We create a simple CSTR dataset (A -> B reaction) that all five Neural DE models will learn from.

In [None]:
kinetics = ArrheniusKinetics(
    name="A_to_B", num_reactions=1,
    params={"k0": np.array([0.5]), "Ea": np.array([0.0]),
            "stoich": np.array([[-1, 1]]), "orders": np.array([[1, 0]])},
)
reactor = CSTRReactor(
    name="cstr", num_species=2,
    params={"V": 10.0, "F": 1.0, "C_feed": [1.0, 0.0], "T_feed": 350.0},
    kinetics=kinetics, isothermal=True,
)

y0 = reactor.get_initial_state()
t_eval = np.linspace(0, 10, 50)
sol = solve_ivp(reactor.ode_rhs, [0, 10], y0, t_eval=t_eval, method="LSODA")

z0 = torch.tensor(y0, dtype=torch.float32).unsqueeze(0)
t_span = torch.tensor(t_eval, dtype=torch.float32)
targets = torch.tensor(sol.y.T, dtype=torch.float32).unsqueeze(0)

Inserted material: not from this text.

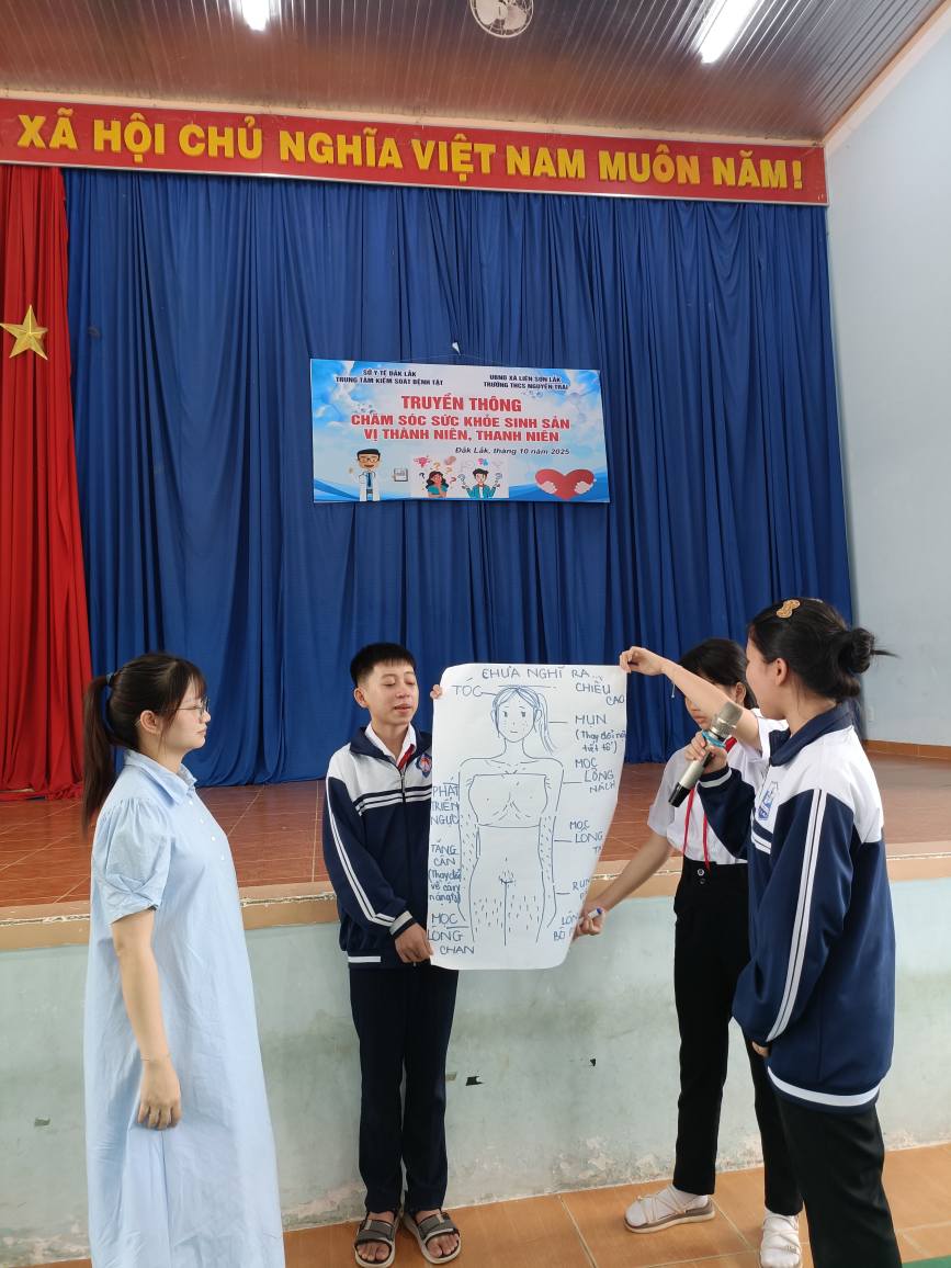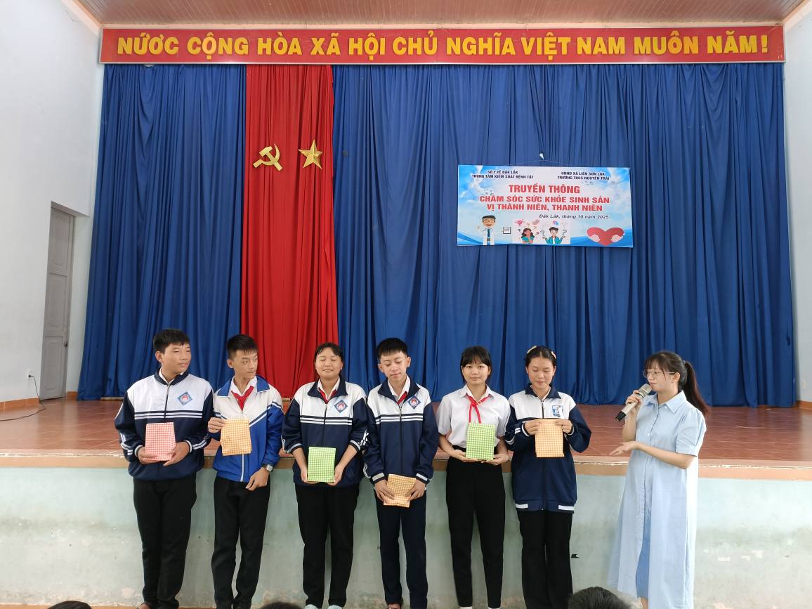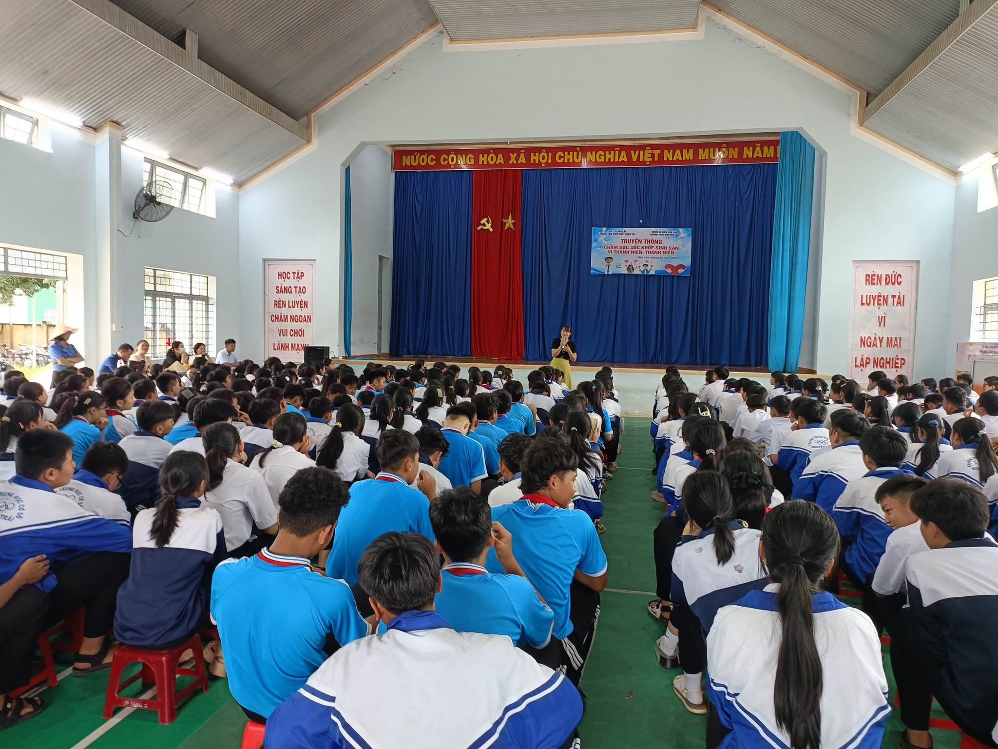 Sáng ngày 31/10/2025, tại Trường THCS Nguyễn Trãi, xã Liên Sơn Lắk, tỉnh Đắk Lắk, một hoạt động giáo dục đặc biệt và thiết thực đã diễn ra, thu hút sự tham gia của toàn bộ học sinh khối lớp 8 và 9. Hoạt động do TRUNG TÂM KIỂM SOÁT BỆNH TẬT (thuộc Sở Y tế tỉnh Đắk Lắk) phối hợp với Nhà trường tổ chức, tập trung vào công tác Truyền thông chăm sóc sức khỏe sinh sản vị thành niên, thanh niên.

print(f"Data: z0={z0.shape}, t={t_span.shape}, targets={targets.shape}")
plt.plot(t_eval, sol.y[0], 'b-', label='C_A')
plt.plot(t_eval, sol.y[1], 'r-', label='C_B')
plt.xlabel('Time'); plt.ylabel('Concentration'); plt.legend(); plt.grid(True, alpha=0.3)
plt.title('Reference CSTR Trajectory')
plt.show()

## 1. Standard Neural ODE

The baseline Neural ODE models dynamics as `dy/dt = f_\theta(t, y)` where `f_\theta` is a simple MLP. This is the most straightforward variant and works well for smooth, deterministic systems.

In [None]:
def train_model(model, z0, t_span, targets, num_epochs=200, lr=1e-3):
    """Train any Neural DE model and return losses."""
    optimizer = torch.optim.Adam(model.parameters(), lr=lr)
    losses = []
    model.train()
    for epoch in range(num_epochs):
        optimizer.zero_grad()
        preds = model(z0, t_span)
        loss_dict = model.compute_loss(preds, targets)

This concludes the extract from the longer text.